Along with that increased focus, as described by Caburnay and Haugh, there’s also been a shift in messaging around fundraising, such as the theme that all families benefit from financial assistance. 

“We’ve been changing the language of financial aid and evolving it to a concept more of partnership and assistance and support,” Fisher said, “rather than being some type of a charity or award.”

Fisher said the FA program itself doesn’t resolve everything. “There are very subtle issues of class and difference that can impact a community,” she said. “If we don’t thoughtfully create conversation around those issues, you could end up with a community that is more fractured and less open.”

One of those fractures is the presence of donor names throughout the school. “Hopefully we do it tastefully and hopefully the families are happy,” Haugh said. “There’s always a risk, if your dad’s name is on a hall thing and your friend’s dad’s name is not, that kind of stuff happens, and you just hope that people understand the circumstances.”

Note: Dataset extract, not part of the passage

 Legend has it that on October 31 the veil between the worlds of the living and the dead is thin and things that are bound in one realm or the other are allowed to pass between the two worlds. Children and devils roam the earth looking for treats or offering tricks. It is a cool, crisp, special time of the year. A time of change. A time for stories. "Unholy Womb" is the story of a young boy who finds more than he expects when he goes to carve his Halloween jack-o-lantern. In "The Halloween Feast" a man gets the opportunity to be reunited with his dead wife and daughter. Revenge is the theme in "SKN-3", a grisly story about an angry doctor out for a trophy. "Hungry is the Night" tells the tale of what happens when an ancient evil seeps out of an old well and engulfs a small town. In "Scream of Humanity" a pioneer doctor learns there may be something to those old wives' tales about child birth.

Haugh said he’s not aware of undue donor influence in his time at Parker, a fact he attributes to values of integrity and equity.“If they come with inappropriate requests or something that’s a little bit too far over the line,” Haugh said, “we’re able to say, ‘that’s really not what we’re about.’”

“That doesn’t mean that those conversations didn’t happen, where someone was looking for special treatment and didn’t get it,” Haugh said.

Caburnay acknowledged the student narrative around donor influence, but said that Principal Dan Frank and the Administration and Faculty first identify what the needs are of the school and once those initiatives are approved, the Development Office is charged with identifying potential funders. This was done with the auditorium, library, and field renovations. “Yes, the perception exists, and we’re constantly trying to dispel that perception,” Caburnay said.

Another perception the Development Office is working to dispel is that any one gift to the school is more valuable than another. Caburnay said the philosophy of the office is that a $10 gift should be  treated with as much respect as a $10 million gift, as is the model of stewardship events, where anyone who gave more than $1 was invited. 

“What we want is everyone to feel like everybody owns a piece of the house,” Caburnay said. “We really do believe it from a philanthropic standpoint, that everybody can make a difference, whatever that might be.”